Mon penchant très marqué pour la cuisine maison me pousse souvent, lors des soirées entre amis, à esquiver les pizzas et autres plats tout faits pour leur préférer de bons petits plats préparés ensemble. Outre la convivialité et la possibilité de montrer mon comportement de tyran aux fourneaux, cuisiner me pousse à expérimenter plein de recettes... Il se trouve donc qu'un soir, en faisant les courses, on a pris un bon kilo d'ailes de poulet et le nécessaire pour faire une sauce « tonkatsu ». Bien qu'idéale pour accompagner les viandes panées (panure faite maison elle aussi, avec des biscottes réduites en miettes et un jaune d’œuf), les ingrédients pour la préparer sont pour le moins étranges quand on les aligne côte à côte : ketchup, sucre, sauce d'huître et worcester, à mélanger ensemble et à faire refroidir ensuite. La recette est personnalisable à l'envi, notamment avec de la sauce soja au lieu de l'huître, de la moutarde, du caramel, des oignons... Bref, quand on n'est pas habitué, la sauce « tonkatsu » fout carrément les jetons, et on se demande à quelle vitesse notre langue va pouvoir se dissoudre au contact de cette aberration culinaire. Or, une fois étalée sur du poulet, c'est absolument délicieux !
L'intérêt de cet aparté gourmand, à part vous donner faim, c'est de dire que Va-11 Hall-A, c'est un peu une sauce « tonkatsu ». Les ingrédients sont bizarres, de les voir ensemble ne fait que renforcer l'idée que ça ne marchera jamais, et pourtant le jeu fini est si prenant qu'il en devient hypnotique.

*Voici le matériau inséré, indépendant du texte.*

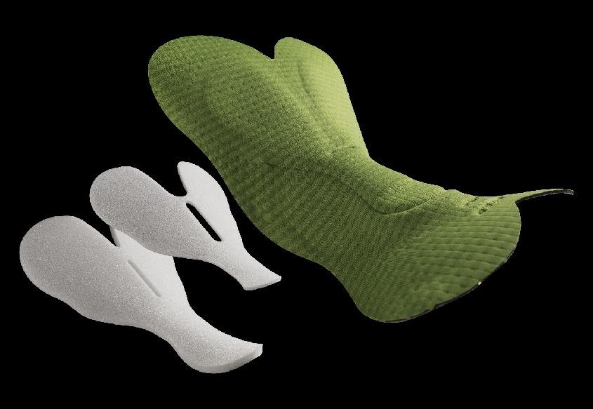 UNIQUE Woman 採用了世界上首款融合chamois技術系統的女性專用版本:這包括在坐墊中採用縫製和熱模塑填充技術,將兩者的優點融合到單一設計中。對於需要最大靈活性和透氣性的會陰(前部)區域,切割和縫製了密度最高的 120kg/m³ 開孔泡沫,而對於坐骨(後部)區域,則使用了「光滑」多密度熱模墊,與支撐和襯墊相比,該區域的靈活性不那麼重要。
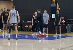 心情不错😎东契奇在训练中扔进一记后场三分🤯
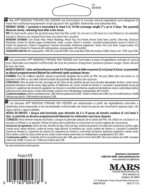 API VACATION PYRAMID FISH FEEDER should be used as a temporary substitute for daily feeding for your fish while you are away on vacation. This block, which contains a highly nutritious formula, is designed to slowly release the proper amount of food to your fish each day you are gone. This eliminates the risk of friends or neighbors overfeeding the fish, which can lead to harmful ammonia spikes in your tank. This particular feeder lasts up to 14 days, but may pollute water if your tank is left completely unattended for this length of time. Use as directed.

Le début de la création du jeu nous emmène dans la Cyberpunk GameJam en mars 2014, où le but était de créer un jeu d'inspiration cyberpunk en dix jours. De nombreux créateurs se lancèrent dans l'aventure, dont un duo constitué de Fernando Damas et Cristopher Ortiz, accompagnés de Michael Kelly à la musique. Les gamejams sont l'occasion de rencontrer des développeurs venus d'horizons très différents, mais Damas et Ortiz vont sortir du lot, et leur création sera le résultat de trois ingrédients majeurs.

  • Le premier est Ren'py, logiciel de création de visual novels plébiscité par le milieu otaku, qui a vu naître des jeux comme Katawa Shôjô ou Long Live the Queen.
  • Le deuxième, c'est l'amour des deux créateurs pour la ludothèque et l'esthétique du PC-98, micro-ordinateur de chez NEC qui a abrité nombre de jeux d'inspiration S.F (Policenauts), d'anime japonais (tels que Rusty) et de jeux érotiques (la série Dragon Knight).
  • Et le troisième, c'est que nos deux larrons sont originaires du Venezuela, pays embourbé jusqu'au cou dans une crise économique abominable depuis la chute des prix du pétrole.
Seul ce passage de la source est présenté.